Finalement et par la conséquence de ce qui précède, le facteur général qui implique selon notre jugement l’incompréhension de la dimension de l’acte des Pussy Riot concerne moins la position officielle, politique, institutionnelle, etc., de la religion, que l’espèce de sentiment diffus mais extrêmement fort de la présence d’une certaine spiritualité dans le caractère russe tel qu’il s’exprime de différentes façons et dans différents domaines, tel qu’il est perçu selon diverses références (culturelle, historique, etc.). Pour nous, en aucun cas cette “question” de la présence d’“une certaine spiritualité” ne peut être identifiée à la question de la religion, à la question du sécularisme, etc. (On lit le développement de cette appréciation dans notre texte Bloc-Notes du 26 septembre 2012.)

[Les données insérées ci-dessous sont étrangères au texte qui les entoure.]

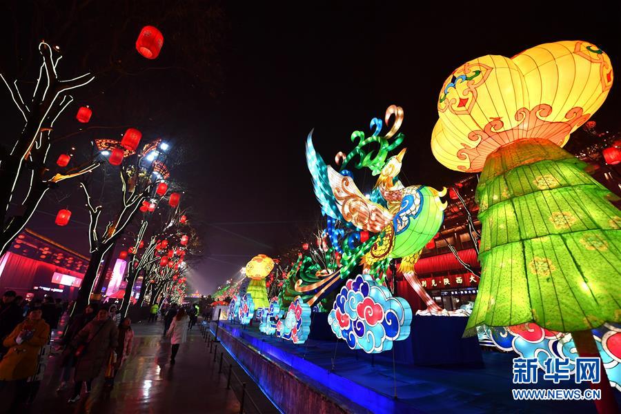 1月17日,游客在西安大唐不夜城步行街欣赏彩灯。大唐不夜城步行街位于西安市大雁塔脚下,近年来,步行街突出历史文化特色,以唐代元素为主线,创新打造文化浓厚的现代时尚街区,已成为西安旅游新地标。新华社记者张博文摄

Nous donnons là une appréciation intuitive, qui nous paraît fondée sur l’importance considérable du cas : cette spécificité évidente du caractère de la spiritualité qui parviendrait à s’exprimer d’une façon difficilement identifiable, mais avec suffisamment de force pour être perçue comme nous estimons avec force qu’elle l’est, est un obstacle insurmontable, un cas d’incohérence absolue pour les projets naturels du Système, d’entropisation, de réduction à quelque chose qui viendrait du “déchaînement de la Matière”. Selon cette évaluation, les spécificités de cette situation conflictuelle à propos du film Innocence of Muslims ont beaucoup moins à voir avec la religion qu’on ne l’avance en général, et beaucoup plus, sinon massivement, avec la psychologie.

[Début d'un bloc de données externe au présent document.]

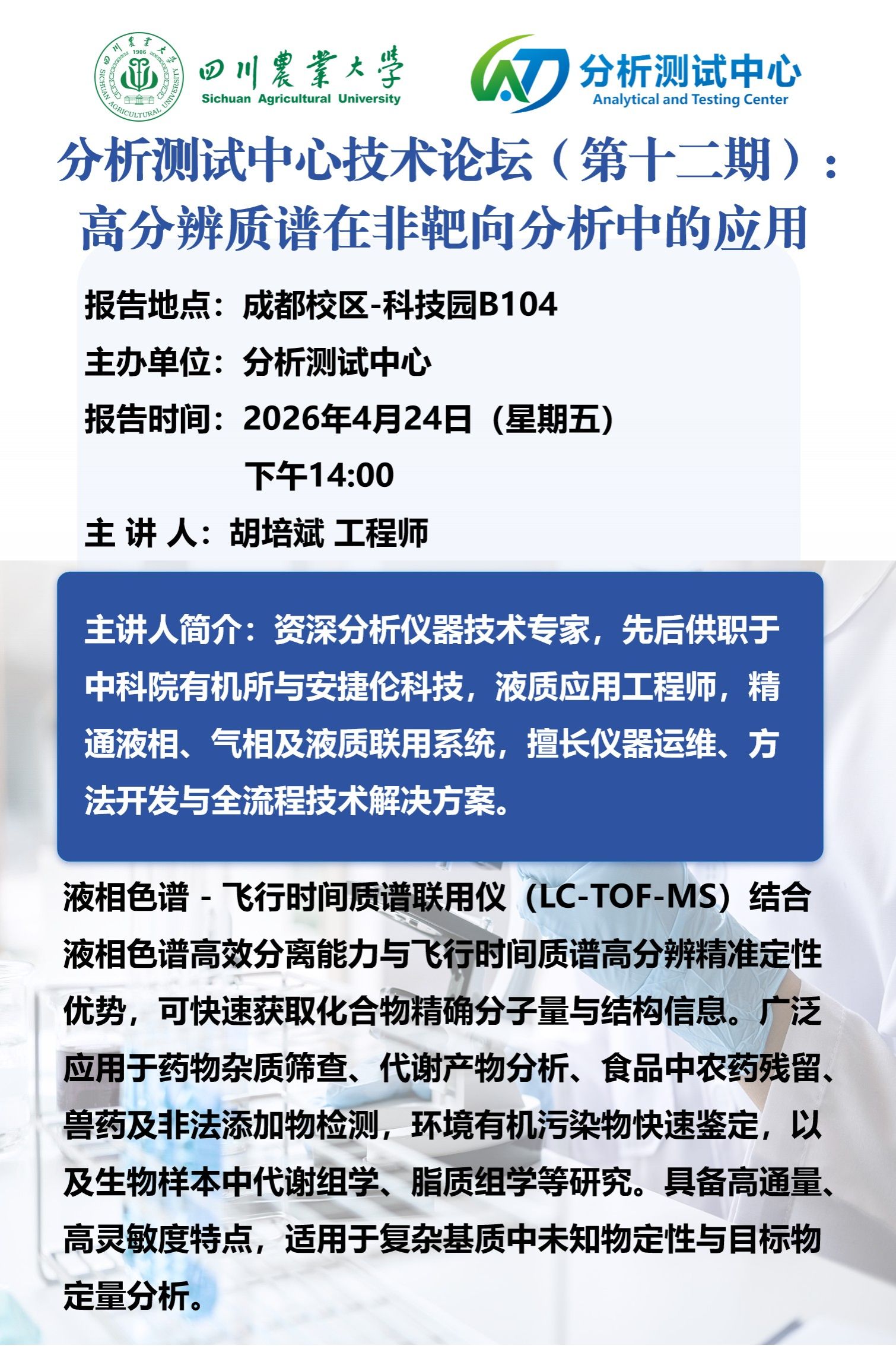 分析测试中心技术论坛(第十二期):高分辨质谱在靶向分析中的应用

Nous renverrions volontiers cette explication vers le cas musulman : même si la question de la religion est partout présente dans l’affaire Innocence of Muslims, elle l’est comme un faux-nez, comme un artifice et comme un bouc-émissaire. Selon cette conception, les activistes et les extrémistes islamistes ne sont pas des religieux extrêmes, des très-religieux, mais bien des psychologies énervées, affolées et enflammées. De même, et pour régler son compte à l’image grossière de “l’Amérique religieuse” comme si l’on parait l’Amérique d’une dimension potentiellement spirituelle, nous mettrions complètement en doute le passage où Raimondo rappelle que le sécularisme de Washington n’est bien entendu pas partagé par tout le pays. («[Americans]having abandoned their own religion sometime in the last century or so, they just don’t understand why someone would get all hopped up over a little thing like blasphemy […] Of course, this isn’t true for everyone: in Flyover Country, the rubes still persist in the faith of their fathers, and our elites pander to that whenever they must.»)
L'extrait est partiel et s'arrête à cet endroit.